In hindsight, telling the CEO (and my boss) of a major Fortune 500 company that his mind was as small as his penis was ill advised. Following that statement up by throwing his cup of coffee in his face was also not the best career move. Nor was storming out of his office and announcing to the whole building that he was an impotent, incompetent tool. Looking back over the morning, I can easily see what led me to career-assassination, and while I should regret it, I find myself not caring as I pack ten years of work into a shoebox.
Hastily, I throw what I can into the box and ignore the whispers in the hallway outside my office. I can feel their eyes staring at me. A few paused at my door as if they are trying to decide whether or not to approach me to offer words of wisdom or sympathy – none of which I was particularly in the mood for. Occasionally, I’d glance up and glare at the unlucky soul who decided to linger a little too long. It wasn’t their fault, but in a way I blame all of them for not having the balls to do what I just did.

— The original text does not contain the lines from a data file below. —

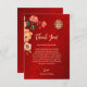 Esta carta tradicional de agradecimiento de los bodas chinos se caracteriza por sus colores tradicionales con flores de peonía pintadas en tonos rojos amarillos y neutros sobre un fondo rojo rubí. El elegante guión manuscrito y el tipo de letra sans serif le dan al diseño un toque moderno. Papelería boda y otros productos disponibles.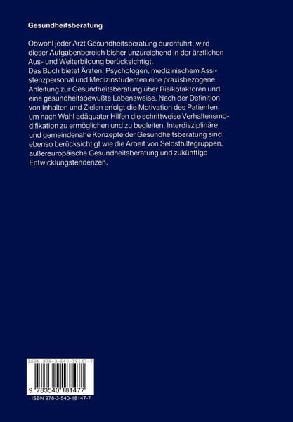 Einführung.- 1 Grundlagen der Gesundheitsberatung - Definitionen, Theorien, Modelle.- Grundlagen der Prävention.- Gesundheitsberatung durch Ärzte.- Rahmenbedingungen der Gesundheitsberatung im Sozialversicherungssystem.- 2 Gesundheitsberatung - Information, Motivation und Handlungsanleitung.- Gesundheitsberatung in der ambulanten Krankenversorgung.- Inhalte und Beispiele ärztlicher Gesundheitsberatung.- Ärztliche Fortbildung zur Methodik präventiver Gesundheitsberatung.- Beratung als Förderung der Motivation zur Verhaltensänderung.- Wie lernen Erwachsene in Beratungssituationen?.- Beratung als Hilfe während der Verhaltensänderung.- Interdisziplinäre Konzepte der Gesundheitsberatung.- 3 Gesundheitsberatung in der ärztlichen Aus-, Weiter- und Fortbildung.- Gesundheitsberatung in der ärztlichen Ausbildung.- Umsetzung von Gesundheitsberatung in der Weiter- und Fortbildung.- Zur Bewertung ärztlicher Gesundheitsberatung.- 4 Gesundheitsberatung - Kooperation, Selbsthilfe und prospektive Konzepte.- Gemeindenahe Prävention - Modelle und Interventionsstrategien am Beispiel einer südhessischen Kleinstadt.- Gesundheitsberatung in Kanada.- Gesundheitliche Selbsthilfegruppen und ihre Zusammenarbeit mit Ärzten.- Gesundheitsberatung durch den Arzt im Jahr 2000.- Autorenkurzbiographien.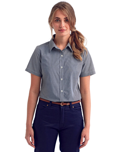Ladies' Microcheck Gingham Short-Sleeve Cotton Shirt

Grant Edmonson, CEO of Yearly Enterprises, had it coming. He’d grabbed my ass and eyed my chest a few too many times over the last ten years. Not to mention all the times he stole ideas from those around him and used them to earn himself a plush corner office and a half million-dollar paycheck. Every last one of us thought about saying those things to him, but unlike me apparently, they all wanted to retain their employment status and as a result, wisely kept their mouths shut. Don’t get me wrong, I am in no way in a position where being unemployed is an option.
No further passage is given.